**DATASET RECORDS**.
>>

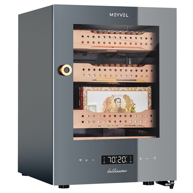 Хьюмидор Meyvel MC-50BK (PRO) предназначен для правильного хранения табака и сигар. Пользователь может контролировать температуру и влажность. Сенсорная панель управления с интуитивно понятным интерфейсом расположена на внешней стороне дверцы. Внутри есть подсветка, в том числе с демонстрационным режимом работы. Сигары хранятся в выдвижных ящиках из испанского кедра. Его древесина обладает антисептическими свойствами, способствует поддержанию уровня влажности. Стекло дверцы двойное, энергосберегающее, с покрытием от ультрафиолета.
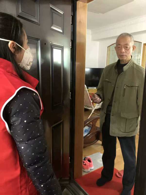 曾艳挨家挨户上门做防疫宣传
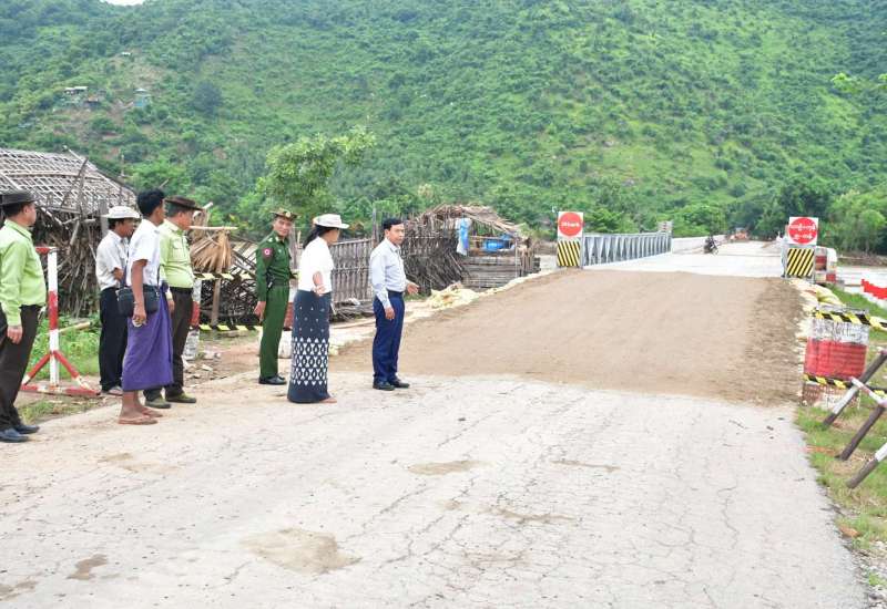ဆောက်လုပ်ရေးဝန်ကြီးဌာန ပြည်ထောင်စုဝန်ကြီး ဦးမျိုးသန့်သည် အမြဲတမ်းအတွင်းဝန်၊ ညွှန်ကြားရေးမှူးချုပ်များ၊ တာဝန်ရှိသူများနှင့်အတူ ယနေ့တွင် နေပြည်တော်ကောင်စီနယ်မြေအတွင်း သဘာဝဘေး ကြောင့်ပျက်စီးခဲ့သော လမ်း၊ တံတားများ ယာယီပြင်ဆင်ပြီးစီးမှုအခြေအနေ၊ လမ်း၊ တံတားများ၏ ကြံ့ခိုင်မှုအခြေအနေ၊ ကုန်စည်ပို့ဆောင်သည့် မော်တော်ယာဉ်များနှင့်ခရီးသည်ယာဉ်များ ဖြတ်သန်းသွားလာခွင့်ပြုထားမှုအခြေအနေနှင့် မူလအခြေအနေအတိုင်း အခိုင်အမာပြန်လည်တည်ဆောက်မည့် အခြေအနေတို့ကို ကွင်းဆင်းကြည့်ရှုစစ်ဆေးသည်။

<<
>>

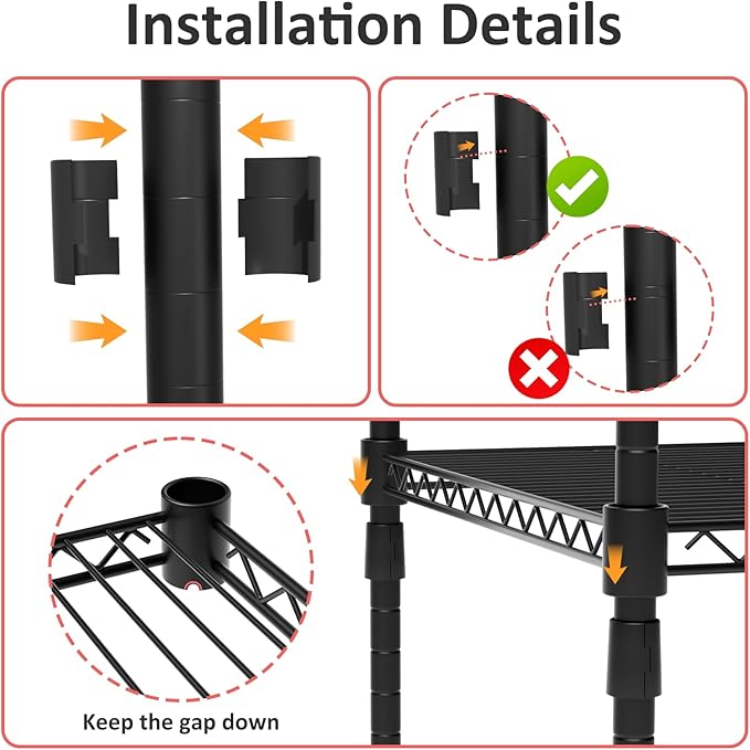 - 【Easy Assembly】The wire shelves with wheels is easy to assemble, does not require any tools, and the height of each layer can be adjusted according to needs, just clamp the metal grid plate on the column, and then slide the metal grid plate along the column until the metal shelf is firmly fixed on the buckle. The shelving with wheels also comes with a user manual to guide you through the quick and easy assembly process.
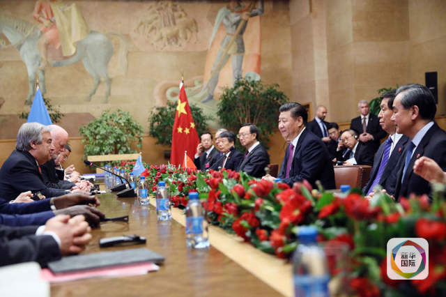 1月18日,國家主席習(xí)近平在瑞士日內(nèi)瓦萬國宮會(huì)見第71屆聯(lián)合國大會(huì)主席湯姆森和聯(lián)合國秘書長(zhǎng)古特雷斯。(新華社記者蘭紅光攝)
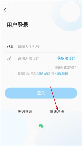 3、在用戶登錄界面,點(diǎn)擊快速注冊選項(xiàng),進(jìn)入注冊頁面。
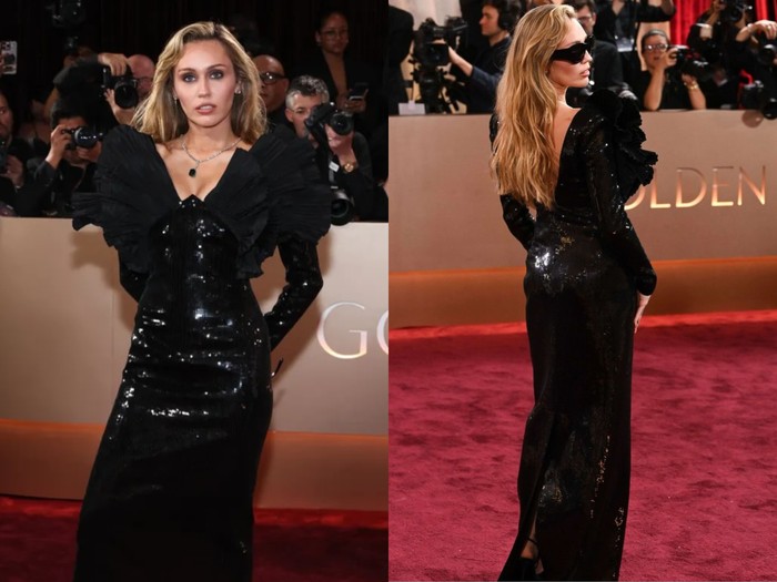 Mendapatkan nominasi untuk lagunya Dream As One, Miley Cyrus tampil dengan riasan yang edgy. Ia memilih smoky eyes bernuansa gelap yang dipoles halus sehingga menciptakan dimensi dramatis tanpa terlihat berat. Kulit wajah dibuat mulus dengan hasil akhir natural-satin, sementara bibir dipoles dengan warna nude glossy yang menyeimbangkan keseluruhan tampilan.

<<

**GOAL OF THE EXERCISE**. In the records above, find the line with "Хьюмидор Meyvel MC-50BK". Print exactly from there through the line with "曾艳挨家挨户上门做防疫宣传", minus the pictures.

**ANSWER TO THE EXERCISE**.
 Хьюмидор Meyvel MC-50BK (PRO) предназначен для правильного хранения табака и сигар. Пользователь может контролировать температуру и влажность. Сенсорная панель управления с интуитивно понятным интерфейсом расположена на внешней стороне дверцы. Внутри есть подсветка, в том числе с демонстрационным режимом работы. Сигары хранятся в выдвижных ящиках из испанского кедра. Его древесина обладает антисептическими свойствами, способствует поддержанию уровня влажности. Стекло дверцы двойное, энергосберегающее, с покрытием от ультрафиолета.
 曾艳挨家挨户上门做防疫宣传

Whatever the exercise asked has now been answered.